Красотка, которая меня давеча бросила, стояла у микрофона посреди зала перед креслами и, когда все осветилось, увидала меня. По углам было три или четыре типа, но невооруженные. Должно быть, с открытым ртом вид у меня был самый идиотский, потому что все на меня как-то так смотрели. Блондинка узнала меня и потрясающе мне улыбнулась, что немного подняло мой моральный дух, - значит, я таки произвел на нее впечатление.

- Да это же мой приятель!

Приятелями мы вовсе не были, но ведь не спорить же тут. Она подошла ко мне и стала разглядывать Артура, но я-то знал, что интересую ее я. От женщин иной раз прямо смех разбирает.

- Что это?

- Это старый зонтик, я его немного приодел.

- Забавный он в этой одежке, ну прямо как божок.
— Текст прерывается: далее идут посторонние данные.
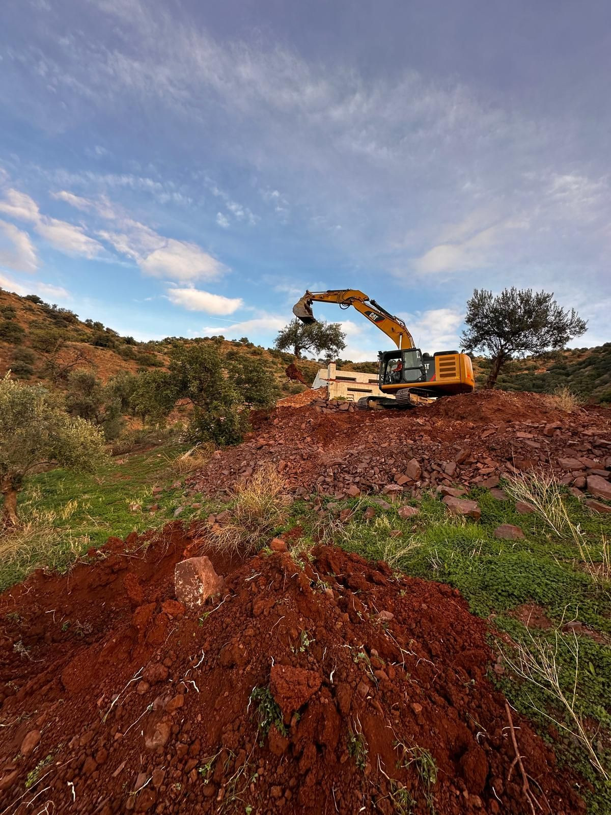 olive trees, carob trees, fruit trees, and ecological greenhouse.

Это твой приятель?

- Что я, по-вашему, недоумок? Это не приятель, это зонтик.

Она взяла Артура и стала делать вид, будто его рассматривает. Другие тоже. Главное, чего никому не хочется, усыновляя мальца, это чтоб он оказался недоумком. Это когда малец, например, встает как вкопанный посередь дороги, потому что ему все на свете опостылело. Этим он подкладывает своим родителям большую свинью, и те не знают, что с ним делать. К примеру, парню пятнадцать лет, а ведет он себя на десять. Заметьте, выиграть тут никак нельзя. Когда парню десять лет, как мне, а он ведет себя на все пятнадцать, его тоже как миленького выставляют за порог школы, потому что он чокнутый.

- Какой он красивый со своим зеленым лицом! Зачем ты сделал ему зеленое лицо?

Она пахла так хорошо, что я подумал о мадам Розе, до того это было по-другому.

- Это не лицо, а тряпка. Лица нам запрещены.

- Как это запрещены?

У нее были голубые глаза, очень веселые и довольно ласковые, и она присела перед Артуром на корточки, но это все было для меня.

- Я араб. В нашей религии лица не дозволяются.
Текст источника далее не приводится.